Armenia's mortgage market recorded 11,070 transactions in 2025, a 32.2% increase over 2024, according to data from the State Committee of Real Estate Cadastre of the Republic of Armenia. Real estate purchase and sale transactions by foreign citizens rose 13.4% year-on-year to 4,413 deals, reflecting growing international confidence in the Armenian property market as the country's economic and geopolitical trajectory continues to improve.
The surge in mortgage activity reflects a confluence of structural factors: sustained real wage growth, low unemployment, expanding financial sector capacity, and the improved long-term outlook generated by the US-brokered Armenia-Azerbaijan peace agreement. Armenia's banking sector has deepened significantly over the past three years, with all seven insurance companies now participating in the universal health insurance system and EDB credit facilities actively deploying capital into Armenian infrastructure and business development.

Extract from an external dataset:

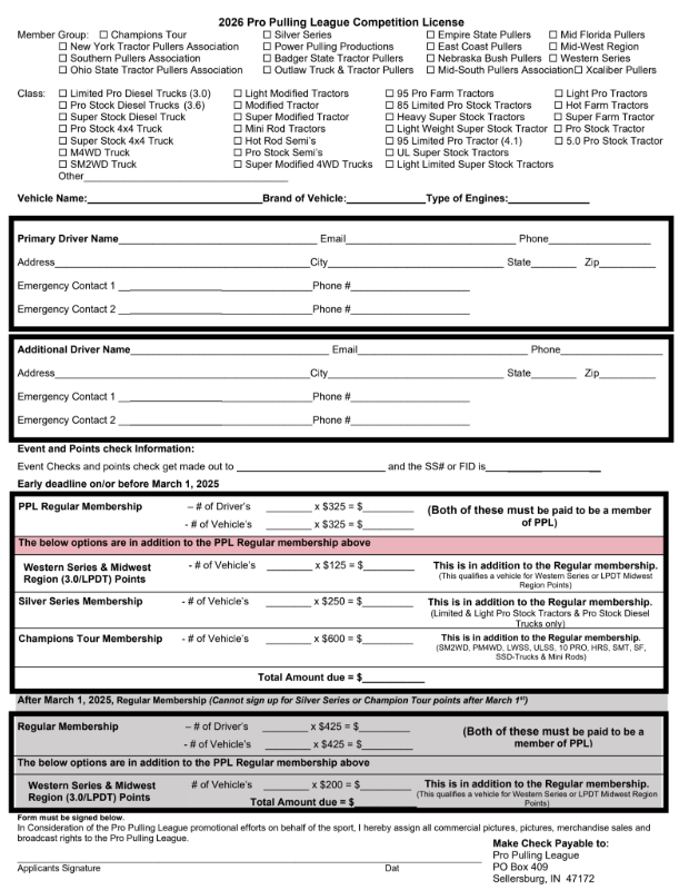 The member is the vehicle. In order to compete for points the vehicle must be a member of MSPA and PPL. Both license forms can be found below along with the addresses where to mail the completed forms.

Foreign buyer activity — spanning diaspora investors, regional entrepreneurs, and international residents drawn to Yerevan's growing tech ecosystem — is increasingly treated as a lead indicator of Armenia's investment climate perception. The 13.4% increase in foreign real estate transactions suggests that international buyers are factoring Armenia's improved security environment and Western alignment into their investment calculations. S&P Global's positive outlook revision for Armenia's BB- sovereign rating in February 2026 provides institutional confirmation of the same sentiment, as noted by Armenpress in coverage of the rating decision and its market implications.

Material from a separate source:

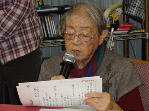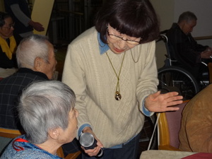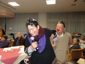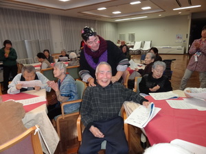 毎年恒例、「天寿荘荘歌」は施設長が熱唱!!(大地バージョンです)

The ICT sector's performance has been a key driver of the broader real estate and consumer market. ICT revenues exceeding 1.1 trillion drams in 2025 have created a growing class of high-income technology workers and entrepreneurs who are active participants in Yerevan's property market. Armenia has positioned itself as a regional tech hub partly through competitive tax policy and talent attraction programs, with diaspora engagement playing a significant role in capital inflows.

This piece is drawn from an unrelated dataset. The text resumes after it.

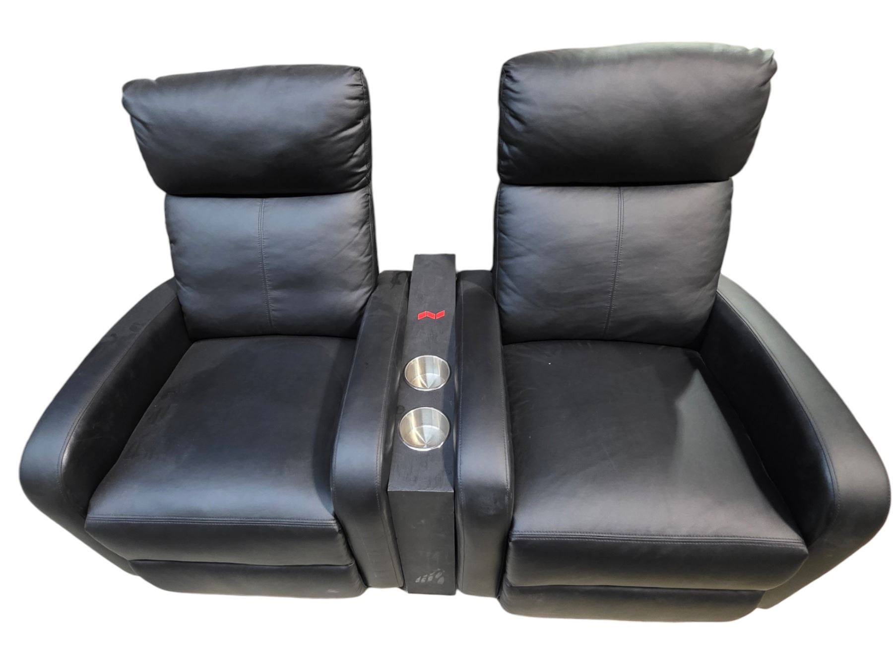 Set of 2 Black Faux-Leather Home Theater Recliners (H36" x W26") with Cupholders

For property developers and real estate investors, Armenia's combination of rapidly expanding mortgage volumes, growing foreign buyer participation, and strong macroeconomic fundamentals makes it one of the more compelling frontier real estate stories in the broader Eurasian region. Eurasianet documents the ongoing evolution of Yerevan's property and investment market as the city consolidates its status as the South Caucasus' primary technology and financial services hub.